[Opening Records supplied section]
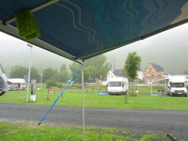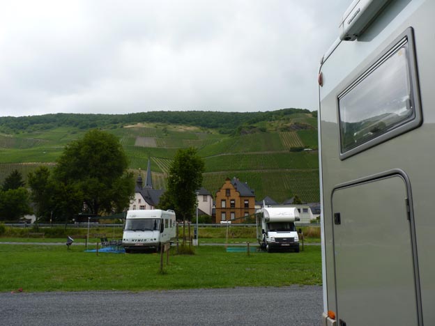 Det fanns inte så mycket att göra på ställplatsen, annat än att titta på båtarna som åkte på Mosel, titta på kullarna med vinodlingar, och att titta på regnet. Graach är ingen plats man åker till för aktiviteternas skull, här sover man bara, och sedan förflyttar man sig till fots (det är drygt 2 km till Bernkastel-Kues t ex), med cykel eller bil när man vill göra något annat än att sitta och se på floden och vinrankorna.
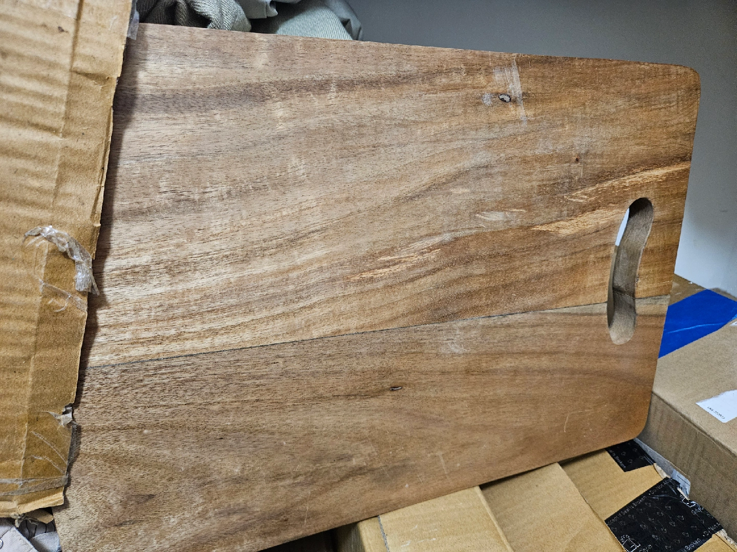 Selling a wooden cutting board. It's in good condition and ready for a new home. Perfect for any kitchen!
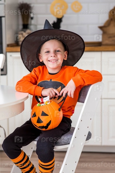 Маленький мальчик 5 лет в одежде для Хэллоуина и со сладостями в тыквенном джеке в интерьере кухни. Праздничный декор для украшения уютного дома
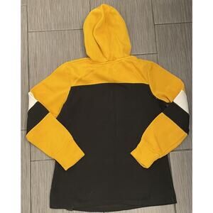 Show your love for the Pittsburgh Penguins with this Fanatics hooded long sleeve sweatshirt. This black and gold sweatshirt features the team's logo and is made of high-quality materials. It's perfect for staying warm during the regular season games or just lounging around the house. Pit to pit is 20 inches. Top of shoulder to bottom is 27 inches.
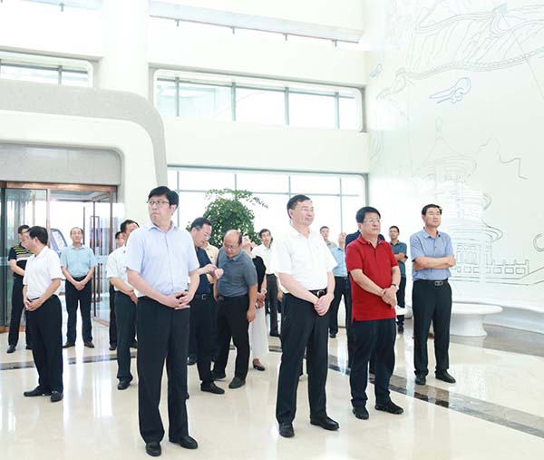 2018年6月28日,日照經(jīng)濟技術(shù)開發(fā)區(qū)工委書記杜江濤一行到國家中印科技國際創(chuàng)新園參觀考察,市政府黨組成員、開發(fā)區(qū)黨工委書記、管委會主任陳一兵陪同。
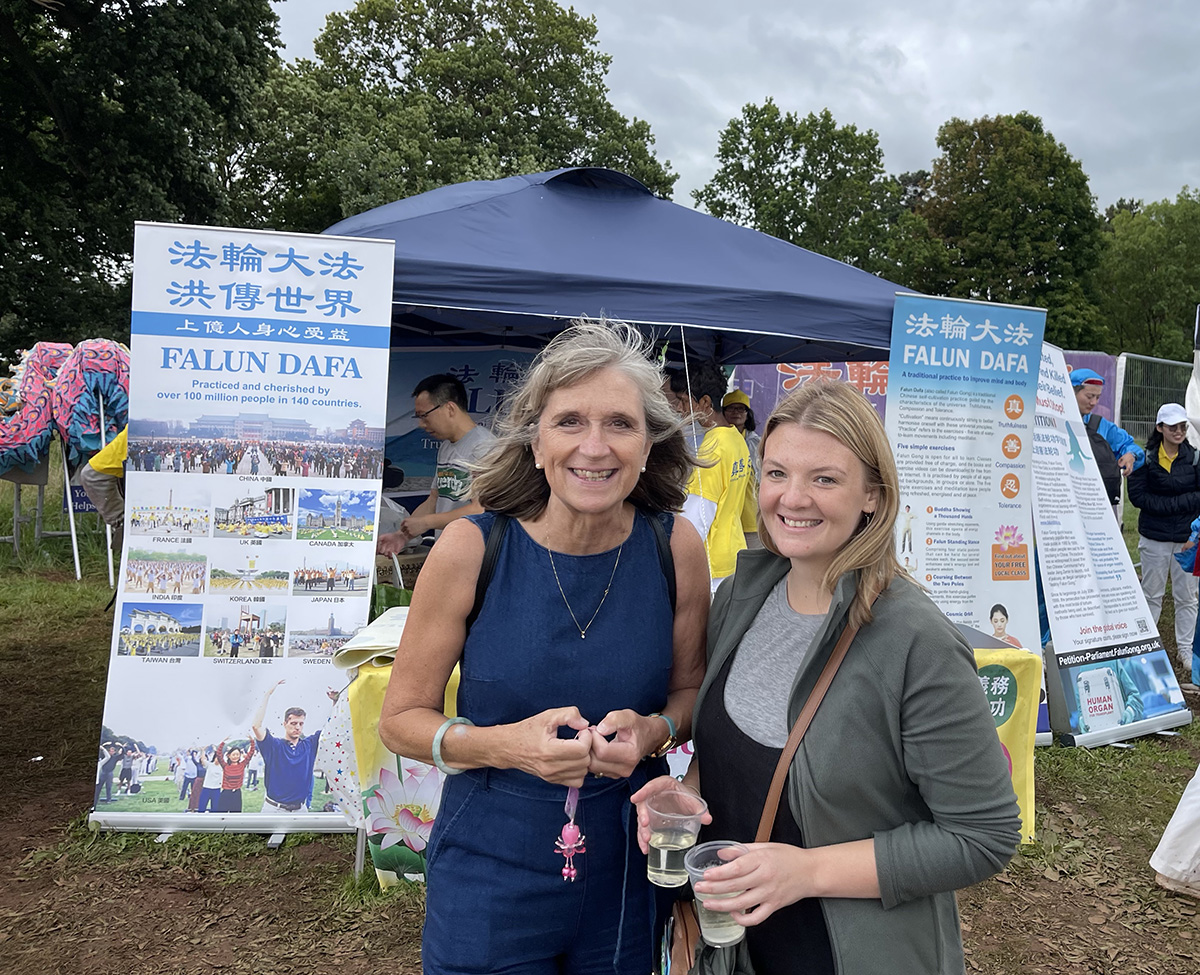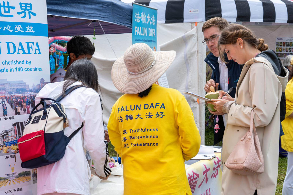 还有一些摊位的工作人员对炼功感兴趣,抽空来了解功法,表达了学功的愿望。他们对学员们做的事情,即反迫害传播真相很敬佩,他们不但签名还叫来同事,有的送给学员甜点吃。
[Closing Records supplied section]
▶ What is required
Only the text of the entries above, transcribed exactly, should be given; leave out pictures.

▶ Answer to the problem
 Det fanns inte så mycket att göra på ställplatsen, annat än att titta på båtarna som åkte på Mosel, titta på kullarna med vinodlingar, och att titta på regnet. Graach är ingen plats man åker till för aktiviteternas skull, här sover man bara, och sedan förflyttar man sig till fots (det är drygt 2 km till Bernkastel-Kues t ex), med cykel eller bil när man vill göra något annat än att sitta och se på floden och vinrankorna.
 Selling a wooden cutting board. It's in good condition and ready for a new home. Perfect for any kitchen!
 Маленький мальчик 5 лет в одежде для Хэллоуина и со сладостями в тыквенном джеке в интерьере кухни. Праздничный декор для украшения уютного дома
 Show your love for the Pittsburgh Penguins with this Fanatics hooded long sleeve sweatshirt. This black and gold sweatshirt features the team's logo and is made of high-quality materials. It's perfect for staying warm during the regular season games or just lounging around the house. Pit to pit is 20 inches. Top of shoulder to bottom is 27 inches.
 2018年6月28日,日照經(jīng)濟技術(shù)開發(fā)區(qū)工委書記杜江濤一行到國家中印科技國際創(chuàng)新園參觀考察,市政府黨組成員、開發(fā)區(qū)黨工委書記、管委會主任陳一兵陪同。
 还有一些摊位的工作人员对炼功感兴趣,抽空来了解功法,表达了学功的愿望。他们对学员们做的事情,即反迫害传播真相很敬佩,他们不但签名还叫来同事,有的送给学员甜点吃。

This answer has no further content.